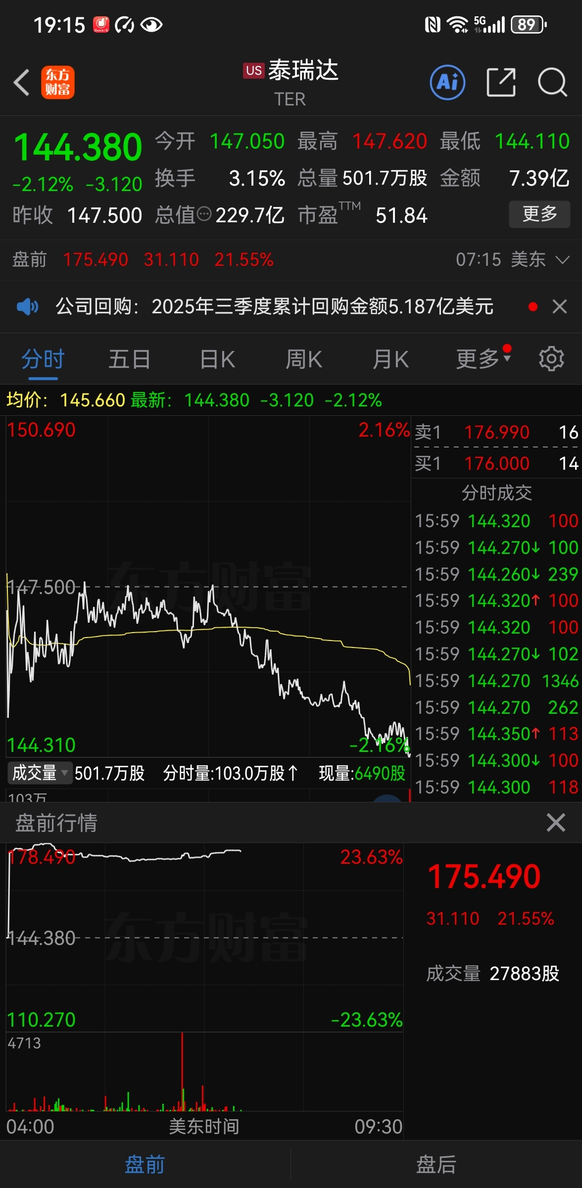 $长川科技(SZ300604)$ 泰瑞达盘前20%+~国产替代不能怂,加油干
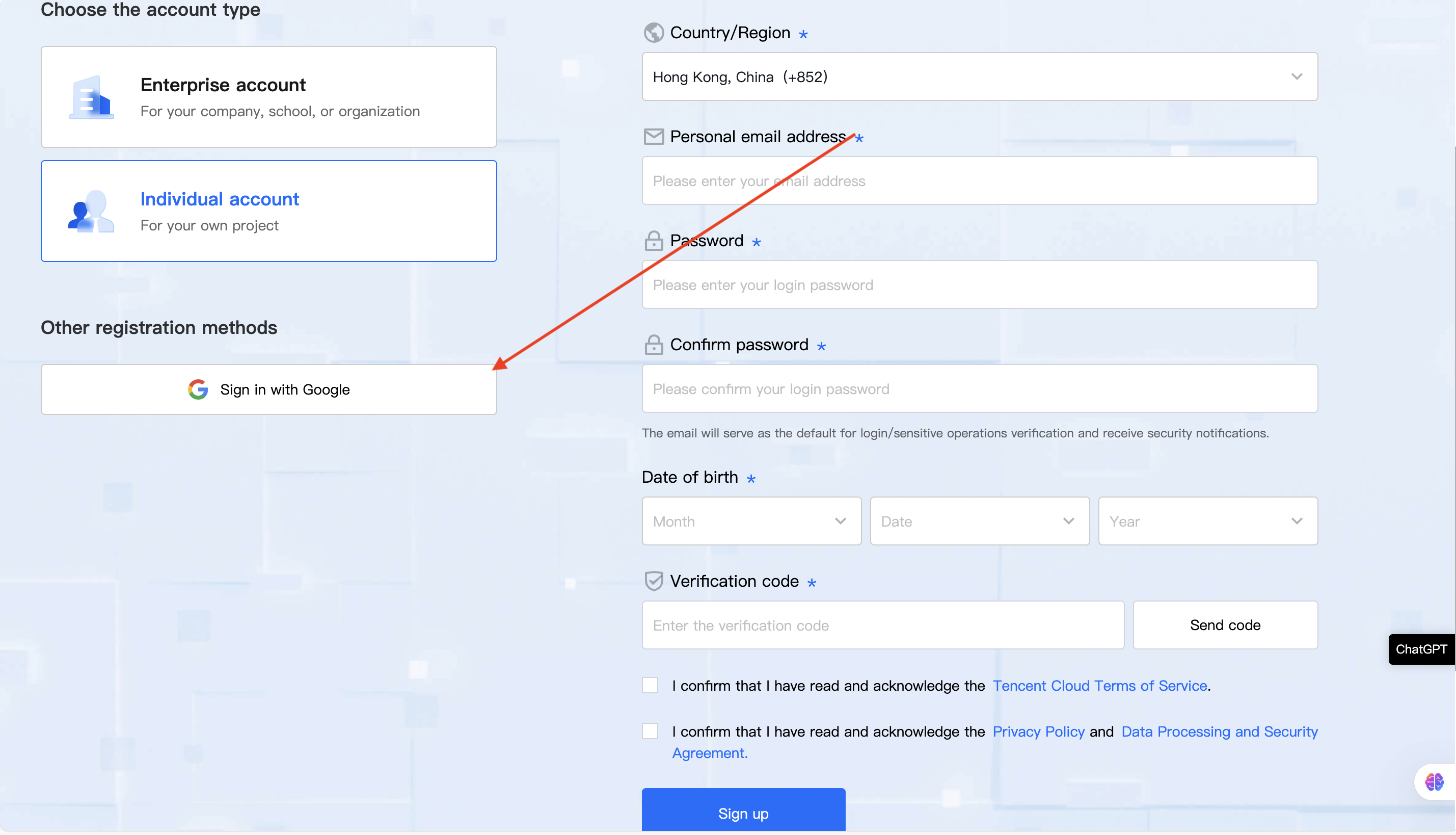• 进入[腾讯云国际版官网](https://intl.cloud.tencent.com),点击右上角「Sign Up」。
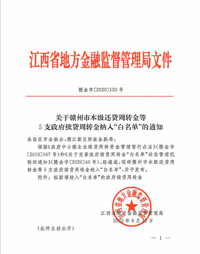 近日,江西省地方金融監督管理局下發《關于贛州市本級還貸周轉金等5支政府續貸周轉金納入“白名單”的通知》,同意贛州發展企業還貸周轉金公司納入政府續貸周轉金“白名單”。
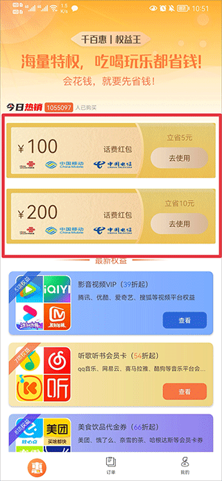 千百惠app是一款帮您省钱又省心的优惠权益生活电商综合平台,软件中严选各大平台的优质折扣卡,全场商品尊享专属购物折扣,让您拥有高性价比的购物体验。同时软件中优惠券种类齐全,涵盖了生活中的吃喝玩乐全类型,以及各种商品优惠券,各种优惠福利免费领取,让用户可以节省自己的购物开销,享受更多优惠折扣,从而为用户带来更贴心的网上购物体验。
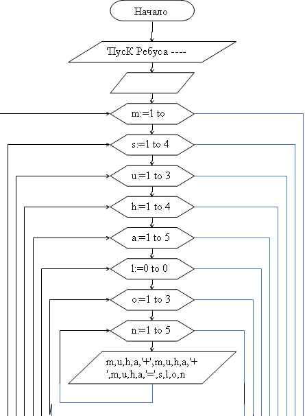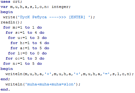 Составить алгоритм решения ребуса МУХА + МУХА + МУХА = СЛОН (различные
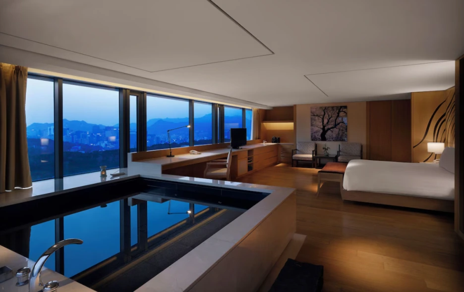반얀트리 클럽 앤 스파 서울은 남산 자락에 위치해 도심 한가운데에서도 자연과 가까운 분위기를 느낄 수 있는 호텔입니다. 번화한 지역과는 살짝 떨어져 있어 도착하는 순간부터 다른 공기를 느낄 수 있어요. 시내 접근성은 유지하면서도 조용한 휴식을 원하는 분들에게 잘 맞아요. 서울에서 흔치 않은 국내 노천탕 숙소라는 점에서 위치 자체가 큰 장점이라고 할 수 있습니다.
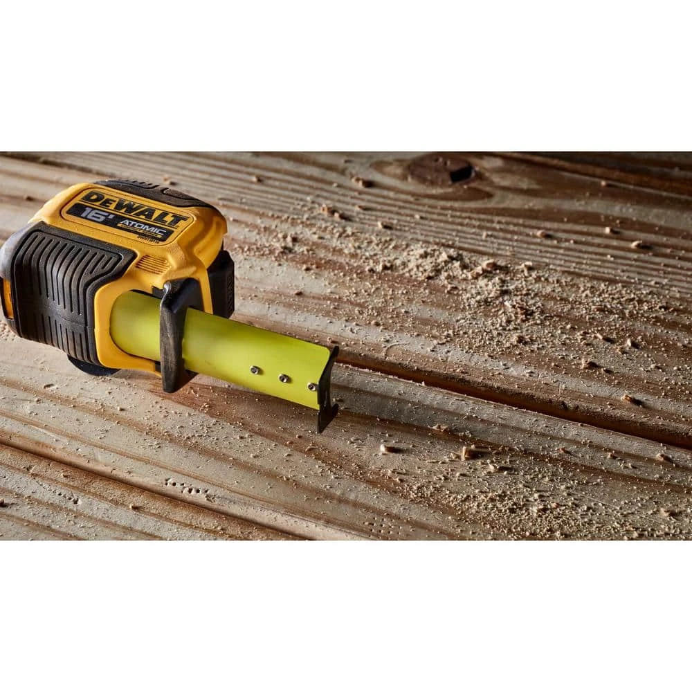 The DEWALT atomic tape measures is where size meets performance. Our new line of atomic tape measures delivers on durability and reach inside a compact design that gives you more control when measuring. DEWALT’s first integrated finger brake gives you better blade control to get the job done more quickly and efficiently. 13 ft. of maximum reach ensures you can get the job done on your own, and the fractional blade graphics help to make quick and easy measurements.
--
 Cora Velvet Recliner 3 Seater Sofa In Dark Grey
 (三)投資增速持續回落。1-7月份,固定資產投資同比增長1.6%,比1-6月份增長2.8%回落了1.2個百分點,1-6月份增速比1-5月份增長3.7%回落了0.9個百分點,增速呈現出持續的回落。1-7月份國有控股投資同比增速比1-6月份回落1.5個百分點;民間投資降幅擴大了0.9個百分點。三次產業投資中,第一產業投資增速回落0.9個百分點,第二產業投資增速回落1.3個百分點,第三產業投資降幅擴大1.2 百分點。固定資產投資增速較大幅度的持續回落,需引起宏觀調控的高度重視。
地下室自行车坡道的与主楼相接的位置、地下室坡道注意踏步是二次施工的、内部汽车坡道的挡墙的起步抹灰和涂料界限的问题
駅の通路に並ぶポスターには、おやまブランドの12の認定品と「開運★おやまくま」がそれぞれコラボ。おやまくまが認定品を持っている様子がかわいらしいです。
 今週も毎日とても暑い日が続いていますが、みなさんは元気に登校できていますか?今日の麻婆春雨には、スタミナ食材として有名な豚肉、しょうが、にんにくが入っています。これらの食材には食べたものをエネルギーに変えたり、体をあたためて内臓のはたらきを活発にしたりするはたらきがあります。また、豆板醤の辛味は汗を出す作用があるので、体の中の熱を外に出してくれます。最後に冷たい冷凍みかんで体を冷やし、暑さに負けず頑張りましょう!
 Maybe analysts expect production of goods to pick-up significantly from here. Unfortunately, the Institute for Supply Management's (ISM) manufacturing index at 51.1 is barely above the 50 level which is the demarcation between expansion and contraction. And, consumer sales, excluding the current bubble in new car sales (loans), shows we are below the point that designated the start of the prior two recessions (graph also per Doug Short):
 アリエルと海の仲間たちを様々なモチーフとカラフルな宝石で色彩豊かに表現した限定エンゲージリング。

_What you are asked to do_
Look above for the line holding "近日,江西省地方金融監督管理" and output everything from it down to the line holding "The DEWALT atomic", both ends included, exactly and without images.

_Response to the task_
 近日,江西省地方金融監督管理局下發《關于贛州市本級還貸周轉金等5支政府續貸周轉金納入“白名單”的通知》,同意贛州發展企業還貸周轉金公司納入政府續貸周轉金“白名單”。
 千百惠app是一款帮您省钱又省心的优惠权益生活电商综合平台,软件中严选各大平台的优质折扣卡,全场商品尊享专属购物折扣,让您拥有高性价比的购物体验。同时软件中优惠券种类齐全,涵盖了生活中的吃喝玩乐全类型,以及各种商品优惠券,各种优惠福利免费领取,让用户可以节省自己的购物开销,享受更多优惠折扣,从而为用户带来更贴心的网上购物体验。
 Составить алгоритм решения ребуса МУХА + МУХА + МУХА = СЛОН (различные
반얀트리 클럽 앤 스파 서울은 남산 자락에 위치해 도심 한가운데에서도 자연과 가까운 분위기를 느낄 수 있는 호텔입니다. 번화한 지역과는 살짝 떨어져 있어 도착하는 순간부터 다른 공기를 느낄 수 있어요. 시내 접근성은 유지하면서도 조용한 휴식을 원하는 분들에게 잘 맞아요. 서울에서 흔치 않은 국내 노천탕 숙소라는 점에서 위치 자체가 큰 장점이라고 할 수 있습니다.
 The DEWALT atomic tape measures is where size meets performance. Our new line of atomic tape measures delivers on durability and reach inside a compact design that gives you more control when measuring. DEWALT’s first integrated finger brake gives you better blade control to get the job done more quickly and efficiently. 13 ft. of maximum reach ensures you can get the job done on your own, and the fractional blade graphics help to make quick and easy measurements.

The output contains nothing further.